# Miscellaneous Herp Interests > Photography >  rechargeable batteries question

## Snakeman

im posting this in the camera section since i use these batteries with my camera. it's a Canon Powershot sx130. Has anyone had any experience with these batteries? they're the Energizer rechargeable NiMH batteries. I got these 2 years ago exactly. it came with the charger and 2 sets of batteries. at first they worked great, they lasted me for a long time in between charges.
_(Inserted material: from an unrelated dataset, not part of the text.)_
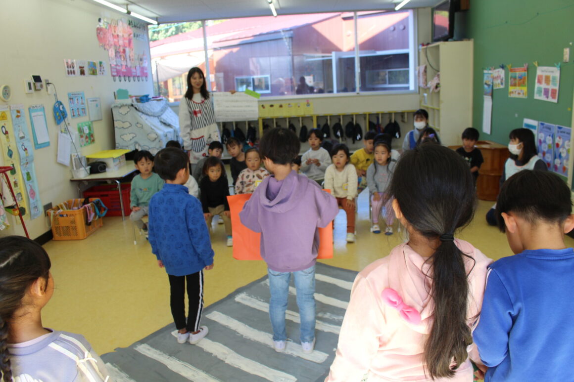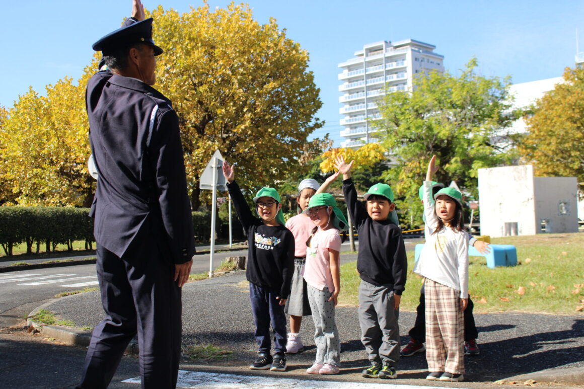大迫公園に年少さんとお散歩に行く前に、年長さんが年少クラスに行き交通ルールについて伝えに行きました。 先日、…

I used them for both taking pictures, and recording whole concerts from when i saw live bands. just within the last couple of months i noticed they seem to die faster. when i record concerts i have it set to record in 720p HD which i know drain the batteries faster than recording in normal 480p. it seems when there are times i just take pictures and repeatedly turn the camera on and off and zoom in and out so maybe thats why they're dying out faster? the 1st set dies out i always have a spare set to replace those. when i record concerts, before they would give me about an hour and a half of footage before signaling that they're dying. now 1 set cant make it to one whole live band which means i have to replace them with the 2nd set to continue recording. also, when i fully charge them the charger say they're fully charged yet if i dont use them for a few days or couple of weeks i recharge them just in case and the charge meter says they need about 2-4 hours to charge before they're fully charged. is it maybe since they're 2 years old that i just need to replace them with new ones?

----------